Description of the task
Would you restate word for word the lines of the listing, beginning at the first and ending with the line that holds "Descrição: A blusinha"?

[Start of Attachment]

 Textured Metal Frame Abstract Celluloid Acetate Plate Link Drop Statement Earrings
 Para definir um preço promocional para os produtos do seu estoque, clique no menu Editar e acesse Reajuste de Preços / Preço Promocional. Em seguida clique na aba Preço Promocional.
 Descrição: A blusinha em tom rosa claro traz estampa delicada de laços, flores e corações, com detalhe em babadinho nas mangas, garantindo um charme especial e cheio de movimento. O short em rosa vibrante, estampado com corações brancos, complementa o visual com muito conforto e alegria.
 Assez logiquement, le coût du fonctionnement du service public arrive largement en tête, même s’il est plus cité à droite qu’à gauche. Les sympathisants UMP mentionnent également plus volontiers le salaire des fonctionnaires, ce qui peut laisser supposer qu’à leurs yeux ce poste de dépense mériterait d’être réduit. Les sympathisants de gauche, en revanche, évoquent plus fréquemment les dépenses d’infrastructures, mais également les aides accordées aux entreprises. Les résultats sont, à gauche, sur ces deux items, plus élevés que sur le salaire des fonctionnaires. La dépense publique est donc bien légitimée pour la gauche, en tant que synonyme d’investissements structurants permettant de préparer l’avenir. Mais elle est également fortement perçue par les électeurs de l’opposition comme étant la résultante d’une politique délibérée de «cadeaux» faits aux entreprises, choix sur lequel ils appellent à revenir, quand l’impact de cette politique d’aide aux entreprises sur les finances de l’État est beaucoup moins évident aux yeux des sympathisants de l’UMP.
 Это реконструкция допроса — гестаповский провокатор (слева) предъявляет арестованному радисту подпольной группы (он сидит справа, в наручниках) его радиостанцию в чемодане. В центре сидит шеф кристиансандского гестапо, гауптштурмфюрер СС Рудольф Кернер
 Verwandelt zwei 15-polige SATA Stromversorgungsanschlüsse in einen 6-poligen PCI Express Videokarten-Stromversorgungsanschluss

[End of Attachment]

Solution
 Textured Metal Frame Abstract Celluloid Acetate Plate Link Drop Statement Earrings
 Para definir um preço promocional para os produtos do seu estoque, clique no menu Editar e acesse Reajuste de Preços / Preço Promocional. Em seguida clique na aba Preço Promocional.
 Descrição: A blusinha em tom rosa claro traz estampa delicada de laços, flores e corações, com detalhe em babadinho nas mangas, garantindo um charme especial e cheio de movimento. O short em rosa vibrante, estampado com corações brancos, complementa o visual com muito conforto e alegria.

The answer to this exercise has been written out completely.